The final diagnosis for this patient was KD associated with nephrotic syndrome (FSGS, cellular variant). He was given intravenous methylprednisolone (80 mg/day) for 3 days beginning on August 29th, 2013, followed by oral methylprednisolone (36 mg/d, once a day). Meanwhile, he received famotidine (20 mg, twice a day), rocaltrol (0.25 μg, once a day), and caltrate D (300 mg, twice a day) for symptomatic treatment. Six days after the initiation of glucocorticoid treatment, the edema had largely resolved, his serum albumin levels had improved, and his urine was negative for proteinuria. Additionally, the tumor-like mass reduced in size, and his eosinophil ratio and eosinophil counts normalized. Two weeks later, the serum albumin levels had increased to within the normal range and only one soft, smooth, mobile lymph node (5 × 5 mm cross-sectional area) was palpable in his right arm. Therefore, the patient was discharged on September 17th 2013. After a 2-month period of methylprednisolone at a dose of 36 mg/day, the prescribed methylprednisolone dose was tapered by 4 mg every 2 weeks until a maintenance dose of 8 mg/day was reached. During the year following discharge, serum albumin levels and urinalysis test results remained normal and no relapses occurred.

Discussion

In this report, we described the case of a 23-year-old Chinese man who developed KD with nephrotic syndrome 3 years after the appearance of a tumor-like subcutaneous mass. The subcutaneous mass was located in the right arm, which is atypical for KD.
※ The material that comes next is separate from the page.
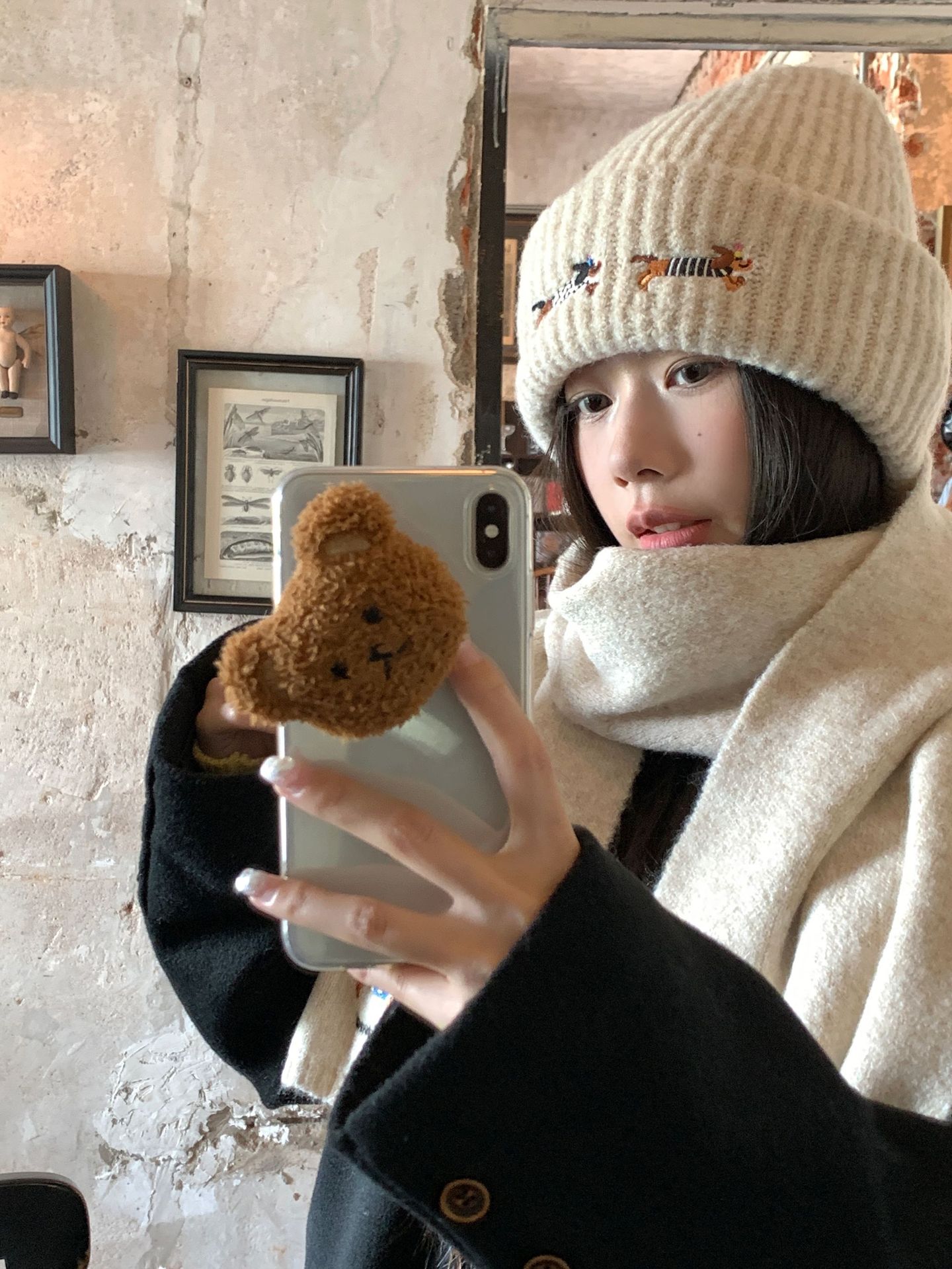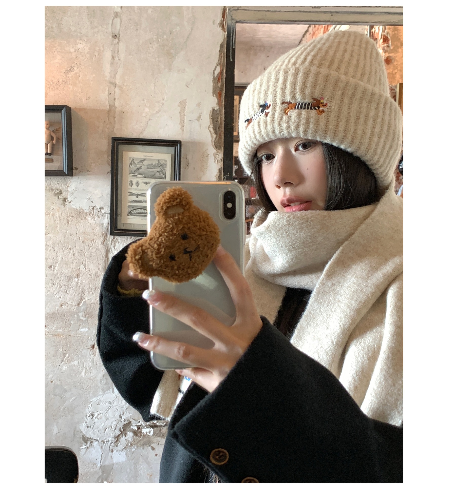 ドーパミンかわいい熊刺繍ニットマフラー女性冬高級感保温防寒百合学生毛糸マフラー

There is no consensus regarding the optimal treatment for KD. Treatment options include surgical excision, corticosteroids, chemotherapeutic agents, and radiotherapy [4]. Although KD is benign, it is prone to recurrence [5] and can be disfiguring. Corticosteroids are particularly applicable for cases of KD with renal involvement. In the present case, we observed a good response to 3 days of intravenous methylprednisolone (80 mg/day) with subsequent oral methylprednisolone (36 mg/day), and therefore proceeded to taper the methylprednisolone dosage to a long-term maintenance dose (8 mg/day). At the time of writing this report, this regimen appears to have prevented a relapse of KD.
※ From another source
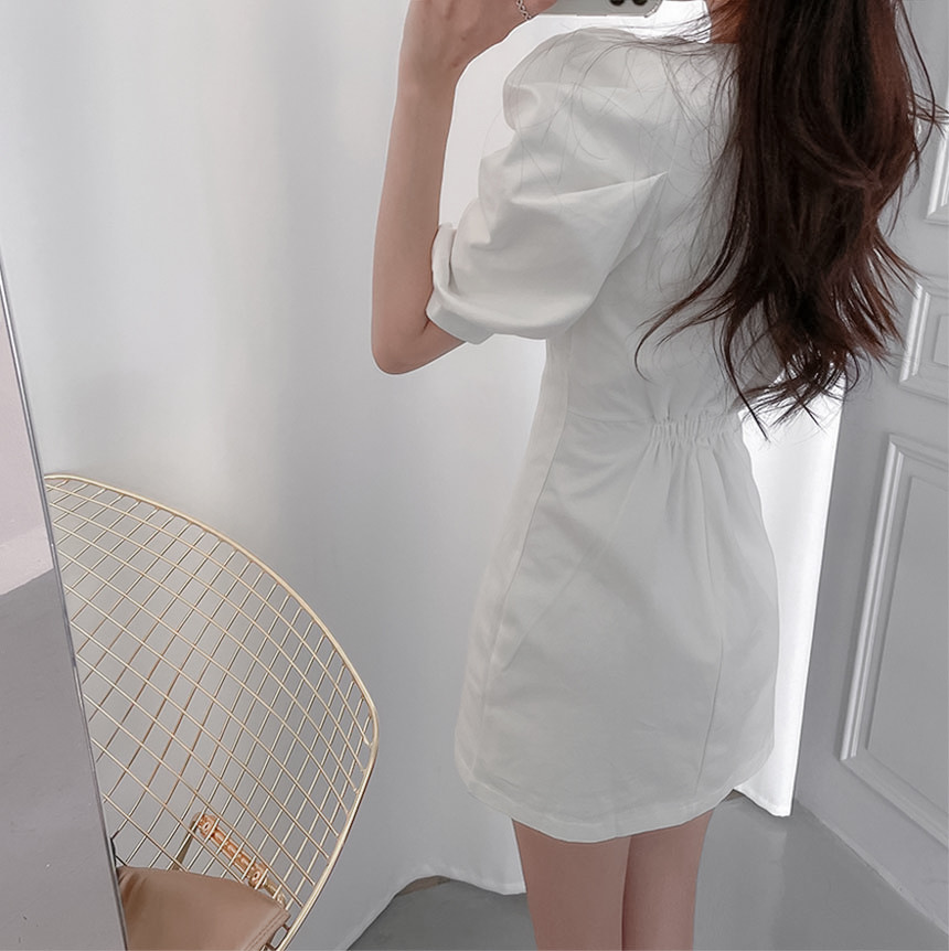 今季注目の韓国風デザインが魅力的なパフスリーブシャツワンピースです。

The pathological mechanism of renal involvement in KD is not yet known. Various renal pathologies may present in KD associated with nephrotic syndrome, including minimal change disease [6], mesangio-proliferative glomerulonephritis [7], membranous nephropathy [8], FSGS, IgA nephropathy, IgM nephropathy, and IgE nephropathy. Inexplicably, we observed the complete remission of the nephrotic syndrome in this patient within 6 days of commencing corticosteroid treatment. This is remarkably rapid given that the average remission time for FSGS in primary nephrotic syndrome patients treated with corticosteroids is 4 months.

Rare diseases are likely to be misdiagnosed as doctors lack the required clinical experience. This can often result in a long interval between the onset of symptoms and the correct diagnosis [9], which prevents the initiation of prompt treatment. In this patient, 3 years elapsed before he was diagnosed correctly. To reduce diagnostic errors, enhancing the awareness of rare diseases is necessary for doctors, in addition to having wide-ranging relevant knowledge and critical thinking abilities.

Conclusions

We describe a successful treatment of Kimura's disease associated with nephrotic syndrome in a patient with methylprednisolone, and prevention of Kimura's disease relapses with long-term administration of methylprednisolone at maintenance dose. Although we cannot conclude long-term administration of methylprednisolone is useful as an effective strategy to prevent relapses yet, our report suggests that further studies are required.

Consent

Written informed consent was obtained from the patient for publication of this case report and any accompanying images. A copy of the written consent is available for review by the Editor of this journal.